DATASET section start

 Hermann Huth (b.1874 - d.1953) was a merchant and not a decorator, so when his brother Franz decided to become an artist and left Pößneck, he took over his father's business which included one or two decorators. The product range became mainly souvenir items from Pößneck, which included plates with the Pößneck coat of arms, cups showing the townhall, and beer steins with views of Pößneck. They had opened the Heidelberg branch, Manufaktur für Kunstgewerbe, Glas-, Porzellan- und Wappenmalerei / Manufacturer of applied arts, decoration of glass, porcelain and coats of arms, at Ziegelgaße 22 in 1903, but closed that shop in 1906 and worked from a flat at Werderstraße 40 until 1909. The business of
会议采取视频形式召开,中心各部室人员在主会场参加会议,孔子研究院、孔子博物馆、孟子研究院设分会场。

DATASET section end
DATASET section start

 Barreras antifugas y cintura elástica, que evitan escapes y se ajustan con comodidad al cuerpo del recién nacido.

DATASET section end

- **WHAT IS BEING ASKED**: Where the listing above reaches the line that contains "Hermann Huth (b.1874", start retyping, and finish with the line that contains "会议采取视频形式召开,中心各"; reproduce those lines exactly and no others.

- **EXERCISE ANSWER**:
 Hermann Huth (b.1874 - d.1953) was a merchant and not a decorator, so when his brother Franz decided to become an artist and left Pößneck, he took over his father's business which included one or two decorators. The product range became mainly souvenir items from Pößneck, which included plates with the Pößneck coat of arms, cups showing the townhall, and beer steins with views of Pößneck. They had opened the Heidelberg branch, Manufaktur für Kunstgewerbe, Glas-, Porzellan- und Wappenmalerei / Manufacturer of applied arts, decoration of glass, porcelain and coats of arms, at Ziegelgaße 22 in 1903, but closed that shop in 1906 and worked from a flat at Werderstraße 40 until 1909. The business of
会议采取视频形式召开,中心各部室人员在主会场参加会议,孔子研究院、孔子博物馆、孟子研究院设分会场。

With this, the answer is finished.